Je ne suis pas allée au Chili avec l’idée de filmer un policier. C’est quand je suis arrivée sur place que j’ai été interloquée par leur attitude. Certains prenaient de la pasta, une forme de coke, avant les interventions. C’étaient vraiment des chiens de garde qu’on excitait. Ils tiraient sur les gens mais ils se retrouvaient à 20 devant des foules de plus de milliers de personnes. 

Avant de partir au Chili, je ne sais pas si je me considérais comme féministe, j’estimais que les choses évoluaient dans la bonne direction mais au Chili, j’ai changé d’avis. Les gens ne me laissaient pas rentrer seule et me disaient que si je croisais des flics, ils pourraient m’embarquer et ce n’était pas faux. J’ai vu beaucoup de filles qui se faisaient violer ou torturer par des policiers.

Les policiers aspergent les manifestants d’un liquide qui brûle.
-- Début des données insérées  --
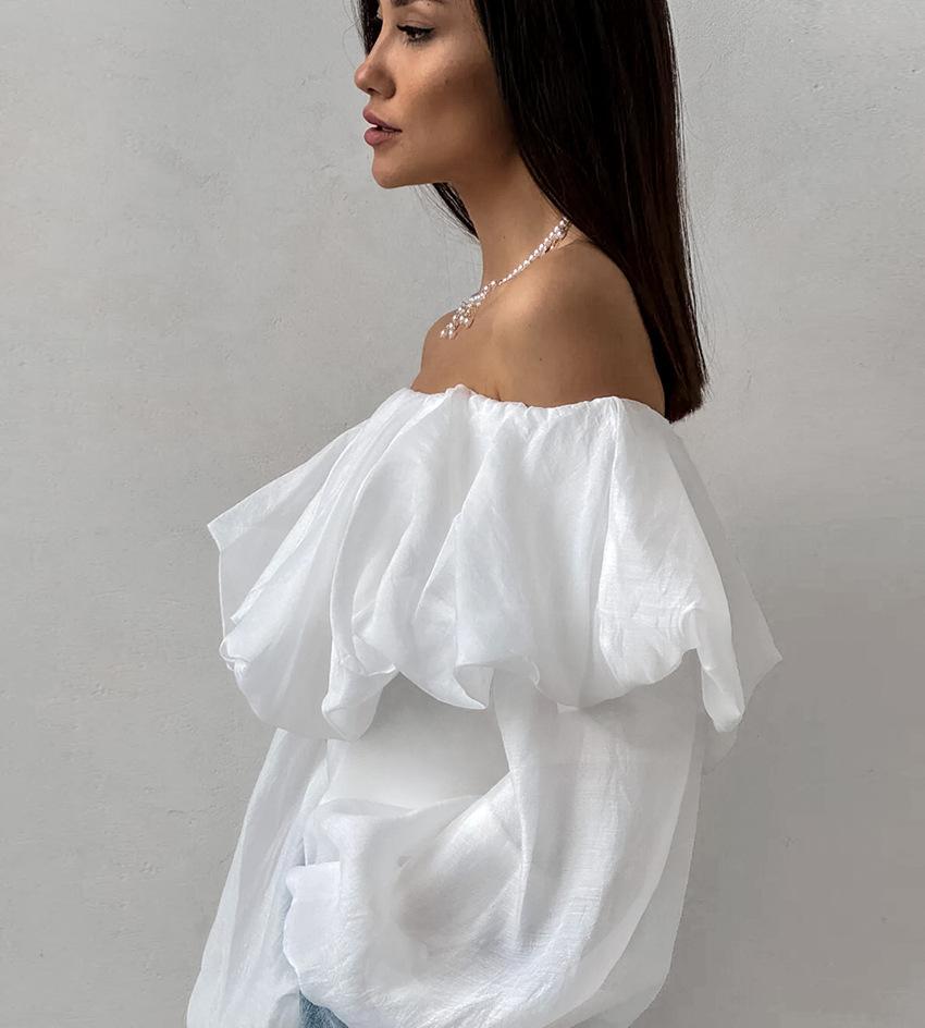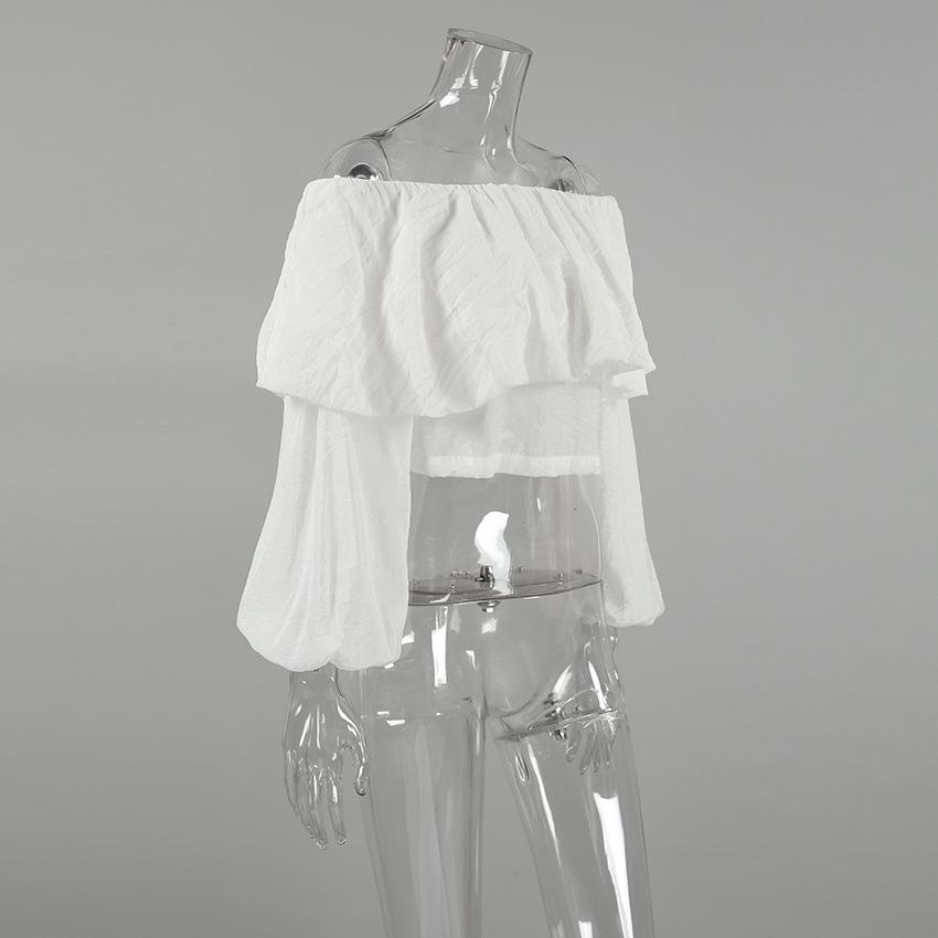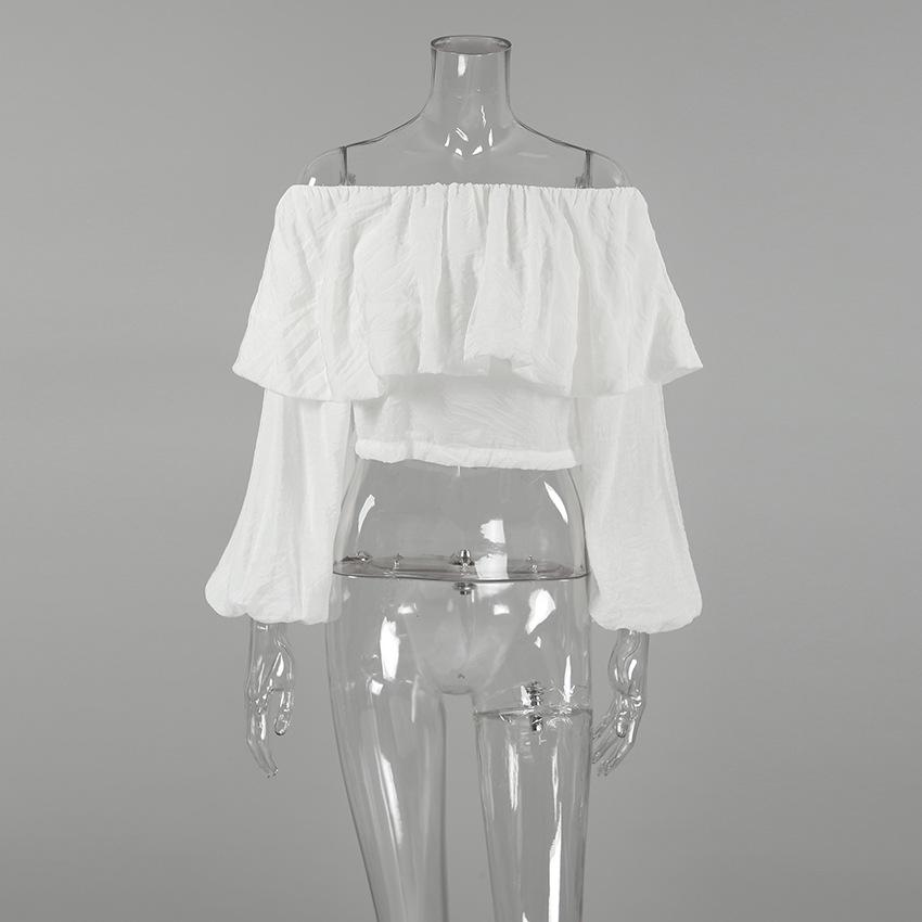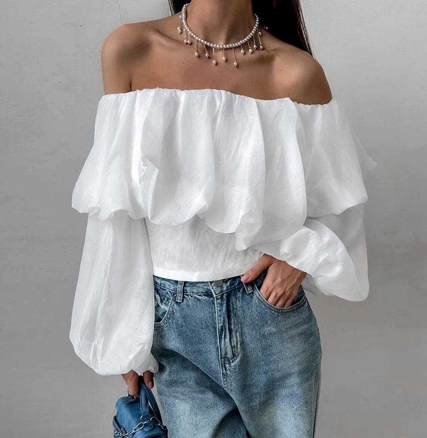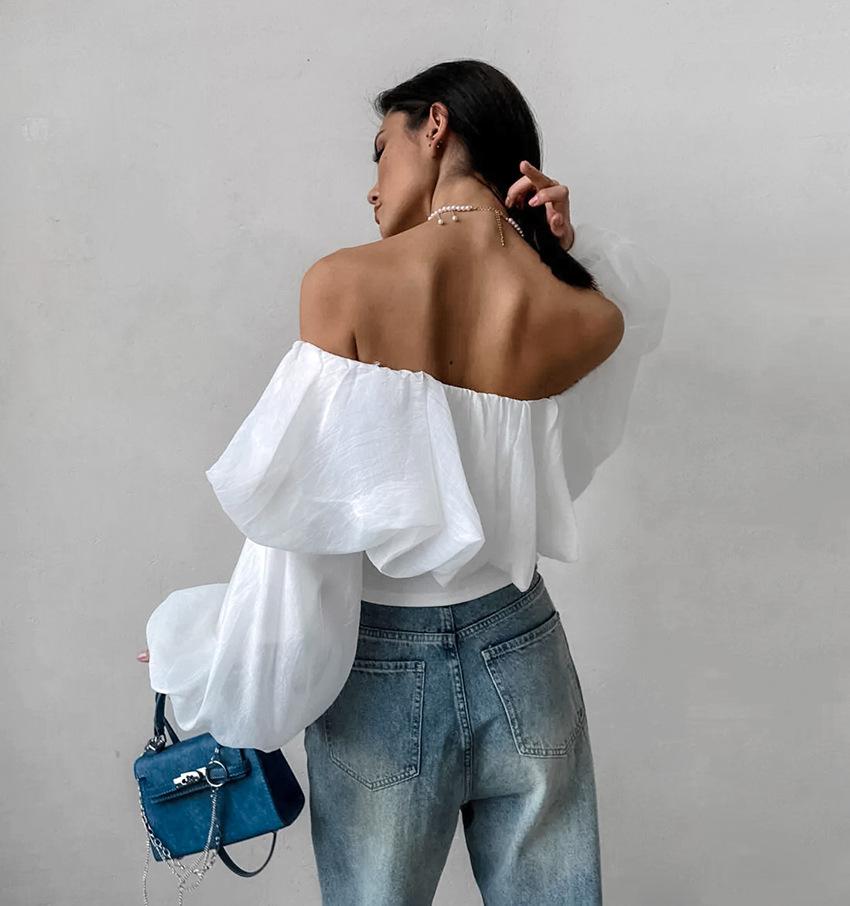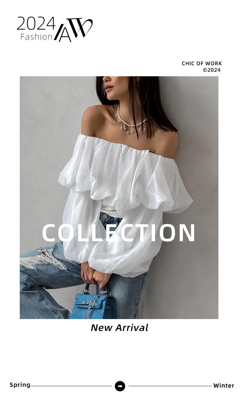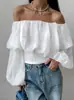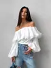 Camisa informal sexy de moda con cuello de un solo personaje y mangas abullonadas, blanca, estilo europeo y americano, con hombros descubiertos, para mujer de verano 2024
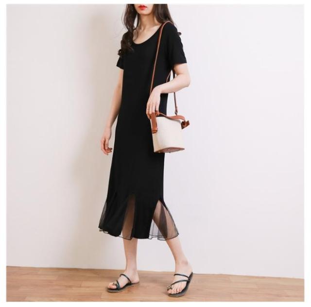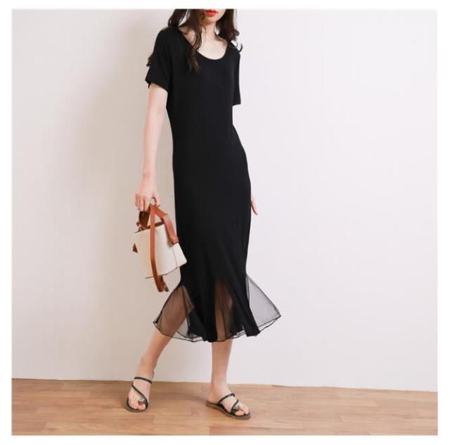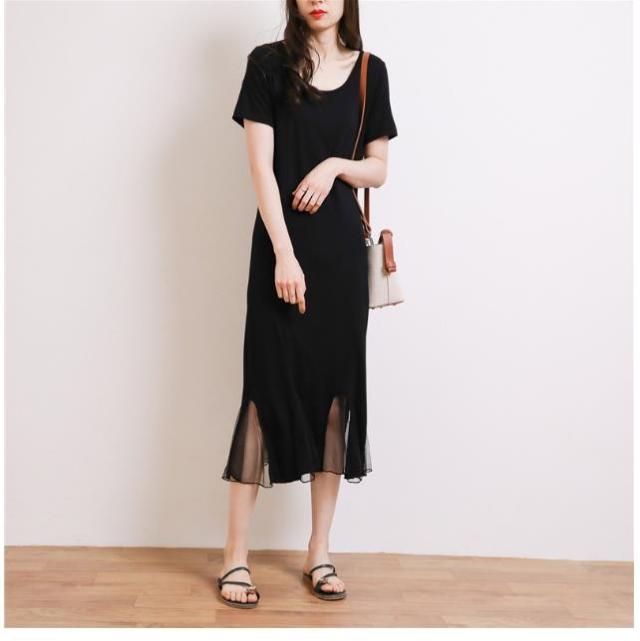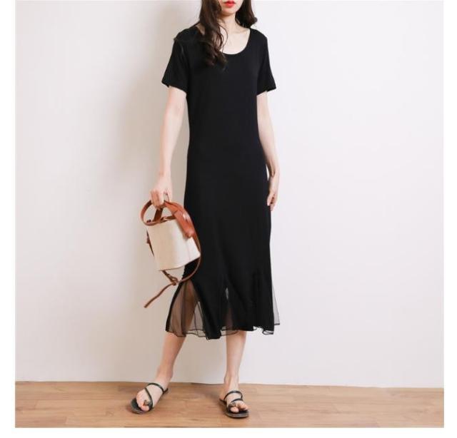 レディースニット ワンピース 半袖 ロング丈 ワンピース 可愛い 春夏 ワンピース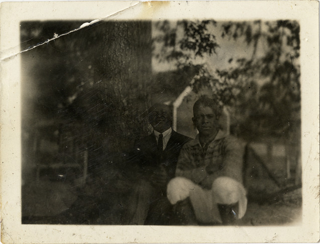 Portrait of tenor Roland Hayes and Professor Wilkin Greene, standing next to a tree at Angelmo Farm in Curryville, Georgia. Handwritten on back: "Roland Hayes and Wilkin Greene at Angelmo Farm, Curryville, Ga. Prof. Greene a graduate of Atlanta Baptist College taught Roland his first [undecipherable] lessons, and awakened in him through poetic vibration his keen sense of poetic expression when Roland was ten years old."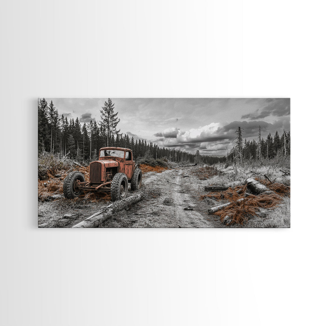 Abandoned Truck, Forest Path, Rustic Vibes, Framed Canvas Print, Autumn Wall Art, Cabin Decor, Farmhouse Style, Vintage Nature Photography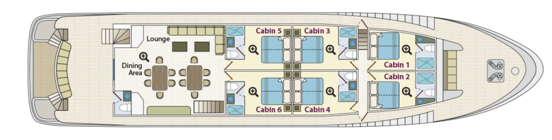 Max number of passengers: 16, in 6 cabins and 2 suites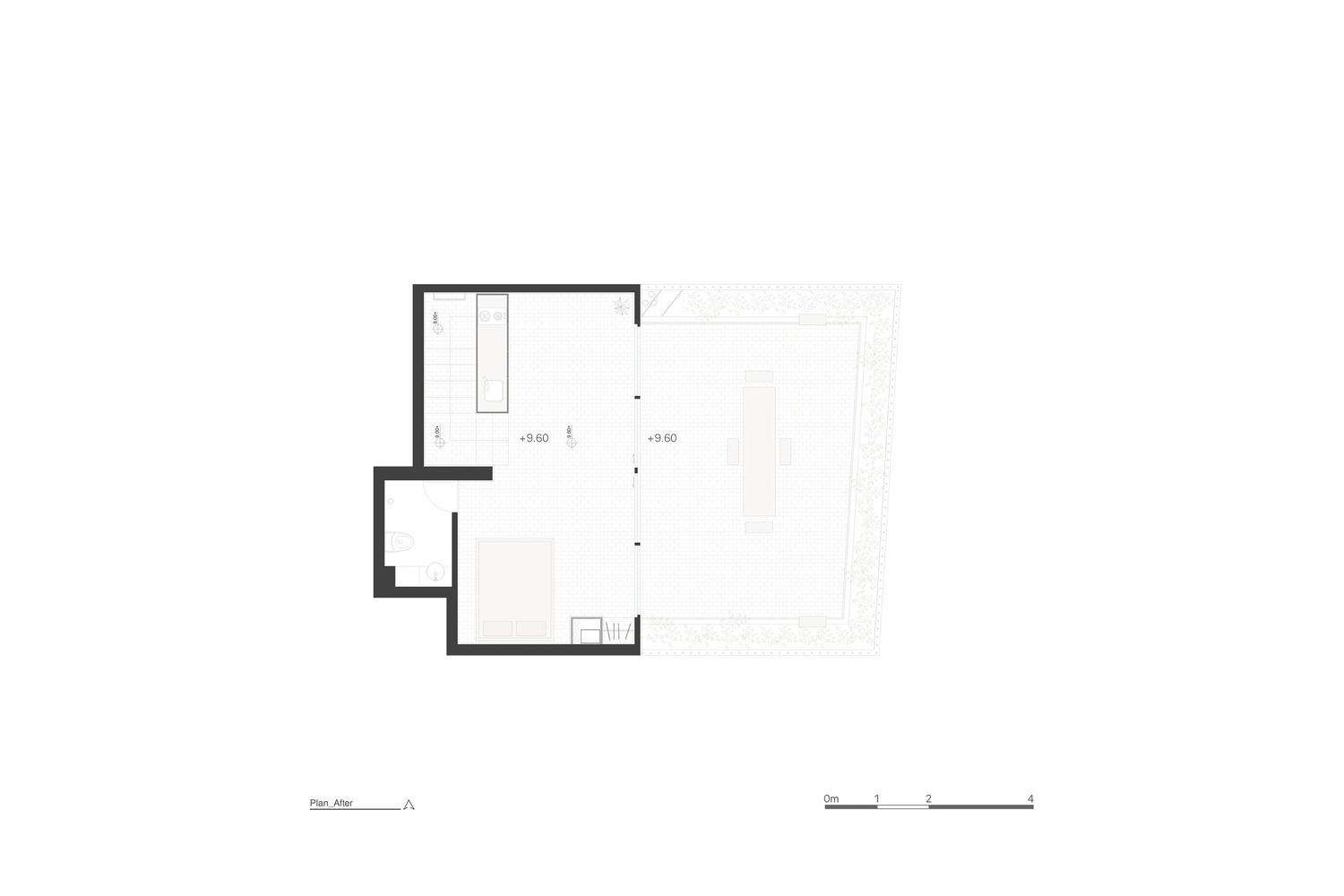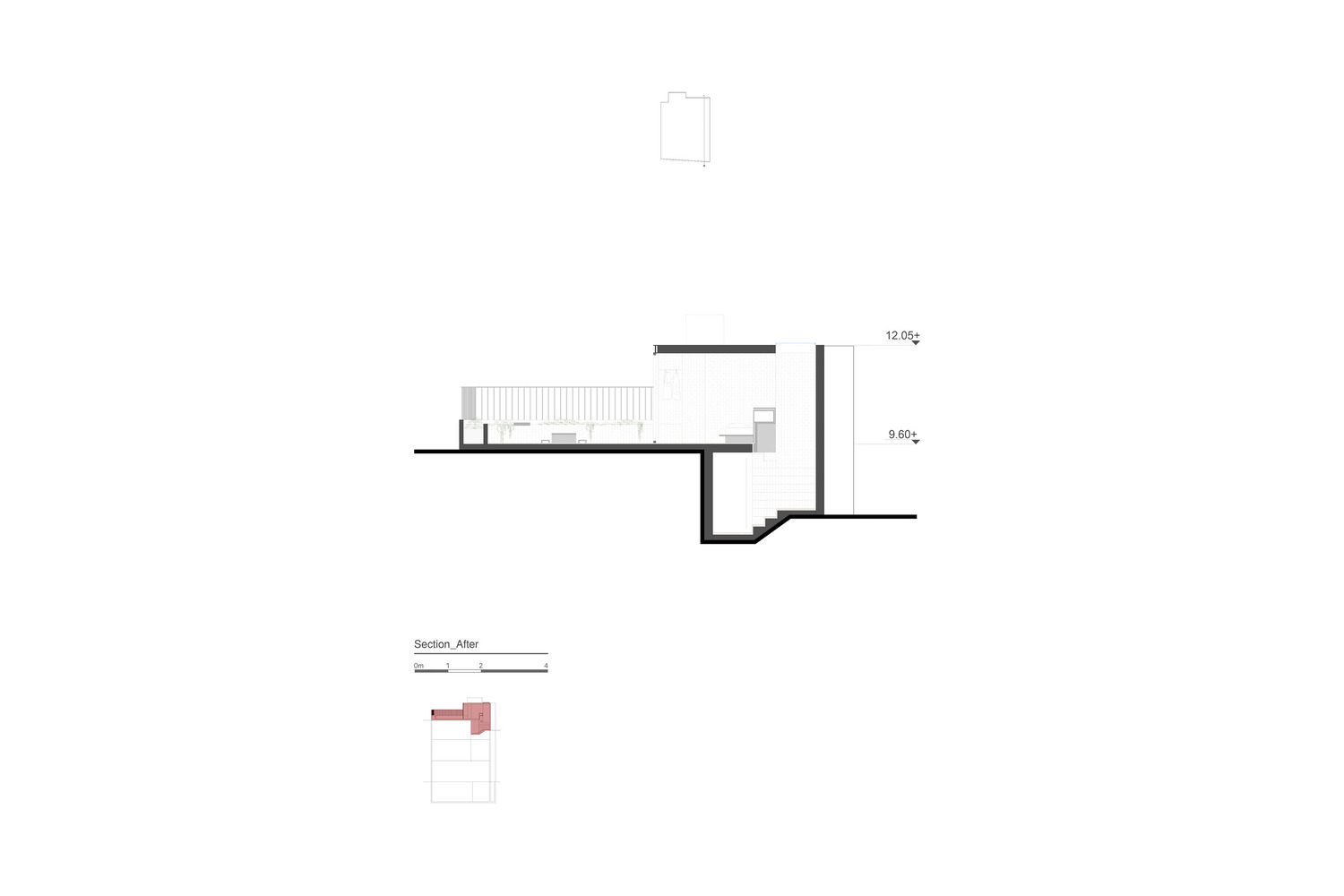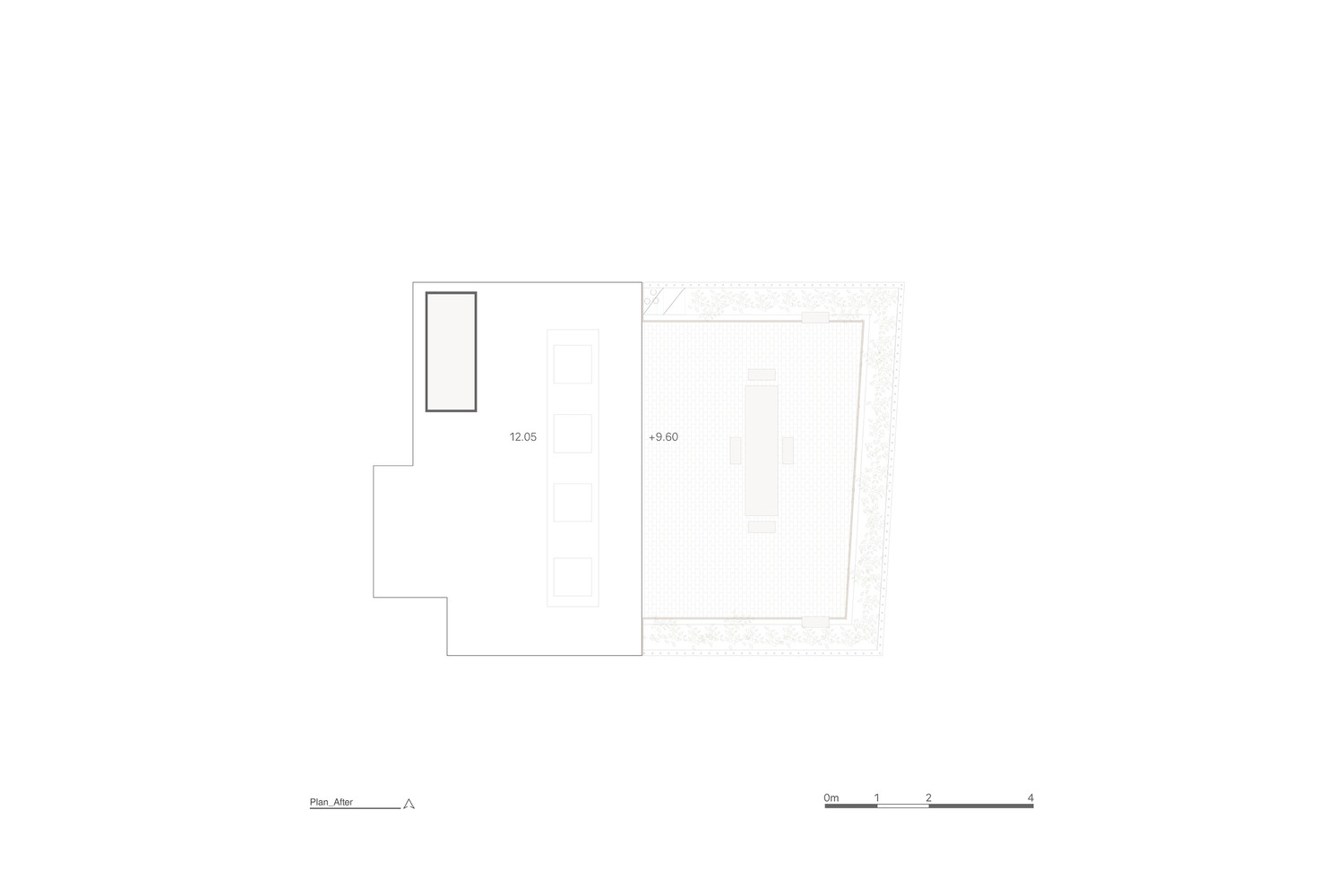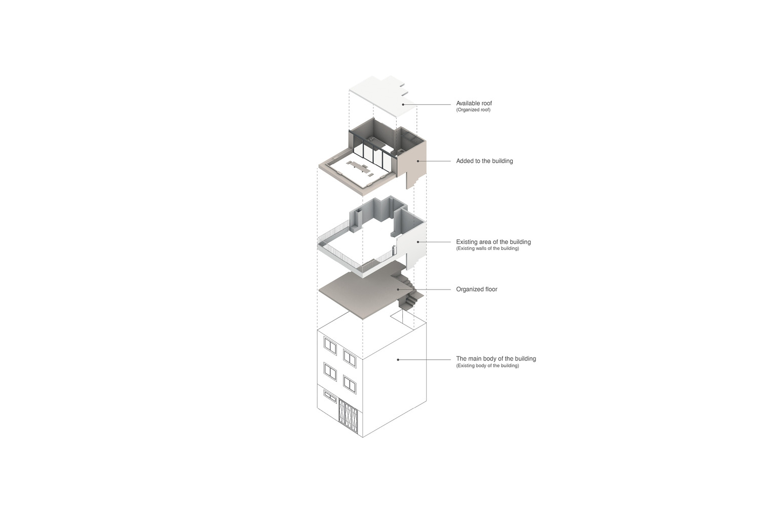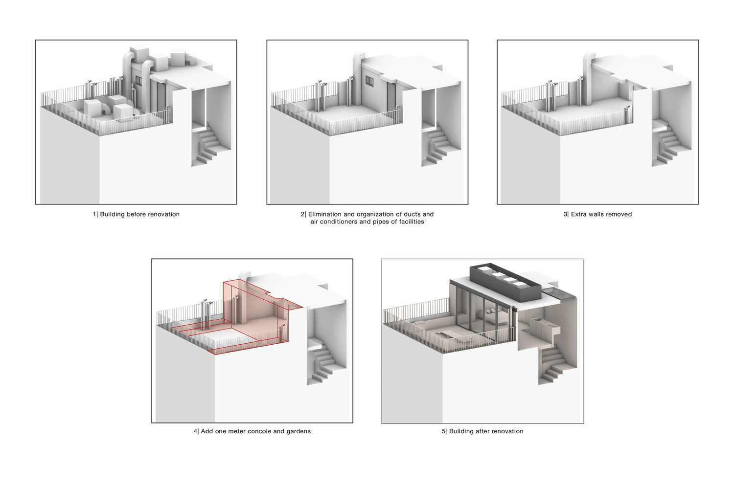 جزئیات طراحی در ابتدا برای تبدیل لفت به اتاقی مناسب برای اقامت میهمانان، کانال ها، کولرها، لوله ها، تاسیسات و دیوارهای غیر ضروری حذف و تا حد امکان ساماندهی شده اند. سپس از طریق آرماتوربندی ساختمان، سقف را حدود یک متر کنسول زده اند، علاوه بر آن یک پنجره باز شونده در تمام جبهه شرقی تعبیه شده که در هنگام باز شدن، فضای داخلی و خارجی را یکسان می کند.

Un jour, j’ai été aspergée, je suis entrée dans une maison et je me suis rendu compte que tout me brûlait et que le seul endroit épargné, c’était ma caméra. Les gens avec qui j’étais m’ont raconté que leurs amis avaient été torturés. C’est connu qu’il y a encore une culture de la dictature. C’est pour cela qu’ils manifestent, ils veulent changer la Constitution qui avait été faite sous Pinochet car ils trouvaient ça aberrant d’être toujours sous cette Constitution et ils l’ont obtenu, c’est une petite victoire quand même.

 

C. : Qu’en est-il de la situation sur place maintenant ?

Z. B. : Je sais que le confinement a été très dur parce que les gens ne pouvaient pas sortir. Du coup, beaucoup de gens ne pouvaient plus aller travailler et n’avaient plus d’argent. C’était déjà le cas avant parce que le Chili est un pays néocapitaliste par excellence où on s’endette jusqu’à la mort. Beaucoup de gens se suicident, des personnes âgées qui ne supportent pas être à la charge de leurs enfants.